__Work order__: What needs reproducing is the run of lines in the data below starting at the line with "Cute portrait of" and ending at the line with "circular form, hinged", both ends included. Copy it exactly, without pictures, and add nothing.

__The input__:
──────

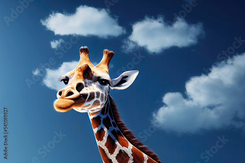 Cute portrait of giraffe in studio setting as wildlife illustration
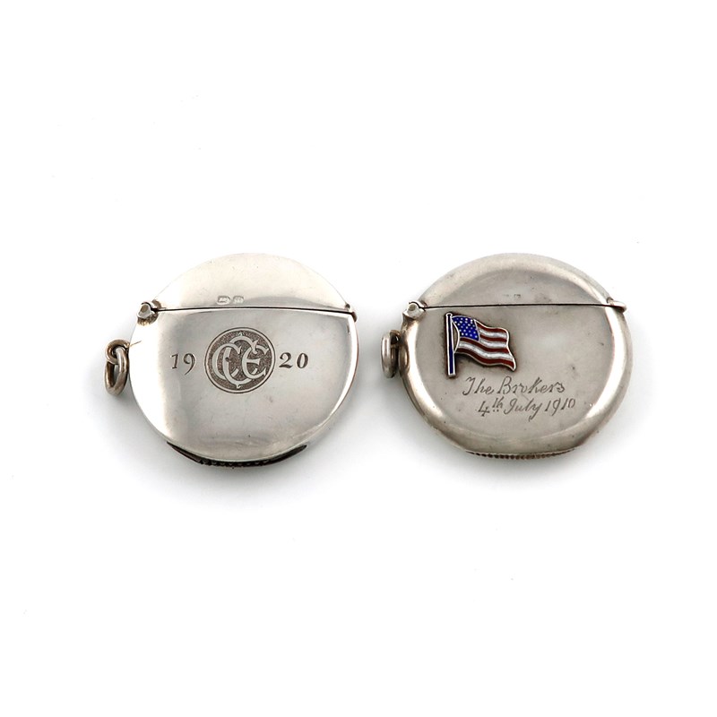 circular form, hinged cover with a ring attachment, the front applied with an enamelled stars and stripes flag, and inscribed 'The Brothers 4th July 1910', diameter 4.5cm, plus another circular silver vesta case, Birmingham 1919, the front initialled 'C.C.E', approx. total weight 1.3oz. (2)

──────

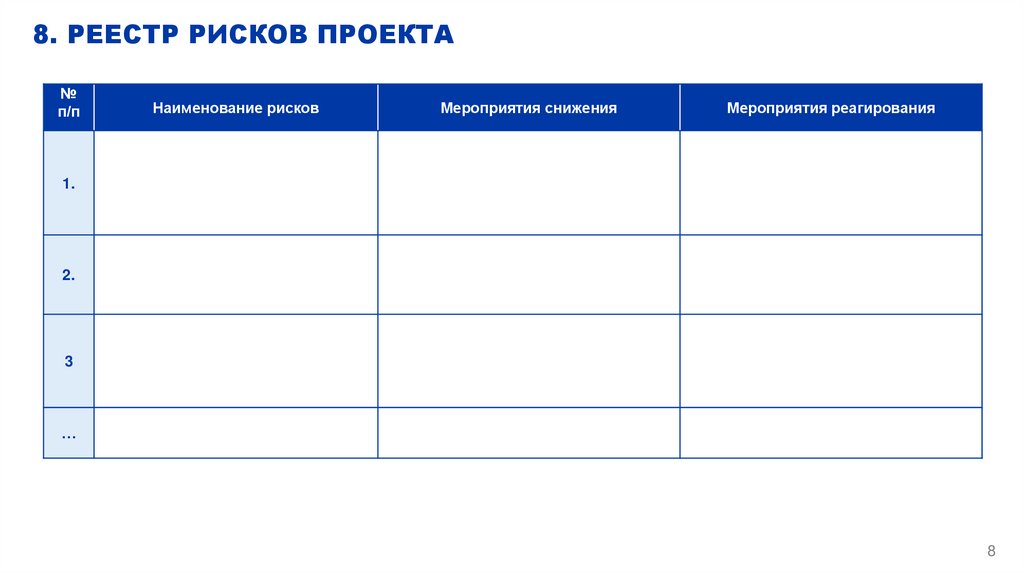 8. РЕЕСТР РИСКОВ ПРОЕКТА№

──────

__Result of the task__:
 Cute portrait of giraffe in studio setting as wildlife illustration
 circular form, hinged cover with a ring attachment, the front applied with an enamelled stars and stripes flag, and inscribed 'The Brothers 4th July 1910', diameter 4.5cm, plus another circular silver vesta case, Birmingham 1919, the front initialled 'C.C.E', approx. total weight 1.3oz. (2)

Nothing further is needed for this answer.